### Dataset excerpt
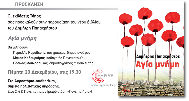::. "Αγία Μνήμη"- Παρουσίαση του βιβλίου του Δ. Παπαχρήστου στο Ακροατήριο (Πέμπτη 20 Δεκεμβρίου) (12-12-2012 12:47)
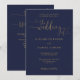 Este convite de casamento azul marinho e dourado elegante com caligrafia em coração pode ser personalizado com suas informações em tipografia sofisticada, com os detalhes do seu site de casamento e seu código QR no verso. Projetado por Thisisnotme©
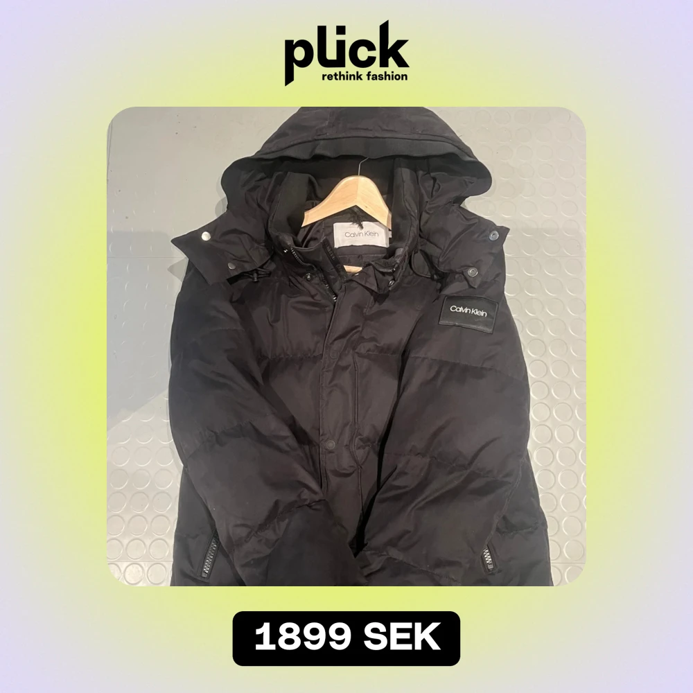 Säljer en snygg svart dunjacka från Calvin Klein. Den har en praktisk huva och dragkedja framtill. Perfekt för kalla vinterdagar. Jackan är i mycket bra skick och har en stilren design med märkets logga på vänstra armen. Den har en de effekt som är på bild 3💫

### Work required
Would you print the listing above in full, exactly, but with no pictures?

### Exercise result
::. "Αγία Μνήμη"- Παρουσίαση του βιβλίου του Δ. Παπαχρήστου στο Ακροατήριο (Πέμπτη 20 Δεκεμβρίου) (12-12-2012 12:47)
 Este convite de casamento azul marinho e dourado elegante com caligrafia em coração pode ser personalizado com suas informações em tipografia sofisticada, com os detalhes do seu site de casamento e seu código QR no verso. Projetado por Thisisnotme©
 Säljer en snygg svart dunjacka från Calvin Klein. Den har en praktisk huva och dragkedja framtill. Perfekt för kalla vinterdagar. Jackan är i mycket bra skick och har en stilren design med märkets logga på vänstra armen. Den har en de effekt som är på bild 3💫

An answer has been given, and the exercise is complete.